To understand flexi cap vs multi cap, you must first know about the classification of companies based on market capitalisation. As such, there are three types of companies – large cap, mid cap and small cap. Investments in large cap companies help with stability and capital protection, whereas investments in small cap and mid cap companies offer the potential for capital appreciation. While multi cap funds must invest in all three market cap segments, flexi-cap funds have a choice. Let’s understand how.  

What are multi cap funds?

A multi cap fund must invest a minimum of 75% in equities and equity-related instruments such that at least 25% of the corpus is invested in large cap, mid cap and small cap companies each. Yes, such mutual fund schemes have the liberty to increase the maximum investment to a particular segment to 50% in order to make the most of market opportunities. But there is also a restriction – they can’t reduce their exposure to a particular segment below 25% even if the market conditions are bad.  

What are flexi cap funds?

To help investors overcome the challenges faced by multi cap funds, the Securities and Exchange Board of India (SEBI) introduced flexi cap funds. Such funds must invest a minimum of 65% in equities and equity-related investments. But it is not mandatory for them to invest a minimum of 25% in any particular market cap segment. Instead, they have the liberty to invest dynamically across market capitalisations.

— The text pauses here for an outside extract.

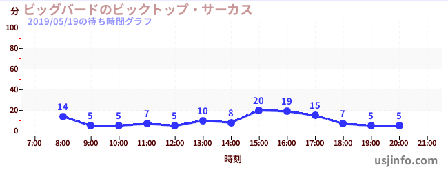 • ビッグバードのビックトップ・サーカス$B$N(B2019年05月19日の待ち時間

Flexi cap vs multi cap fund – Points of difference

Taxation of multi cap funds and flexi cap funds

Since both these funds have at least 65% of the corpus invested in equities and equity-related securities, they are equity-oriented funds and will be taxed similarly. The amount of tax you will pay on redemption will depend on how long you stayed invested in the fund. If you stayed invested for a year or less, your gains on redemption will attract a 15% short-term capital gains tax. If you stay invested for more than a year, your gains in excess of Rs. 1 lakh/year will attract a 10% long-term capital gains tax. Long-term capital gains up to Rs. 1 lakh/year are tax-free.

To sum it up

Just like large cap funds, mid cap funds and small cap funds, multi cap funds and flexi cap funds too are equity funds. While choosing between the two, you must assess your investment objective. But most importantly, you must assess your risk appetite. As opposed to multi cap funds, flexi cap funds can help you navigate market volatility with more flexibility. So, decide accordingly.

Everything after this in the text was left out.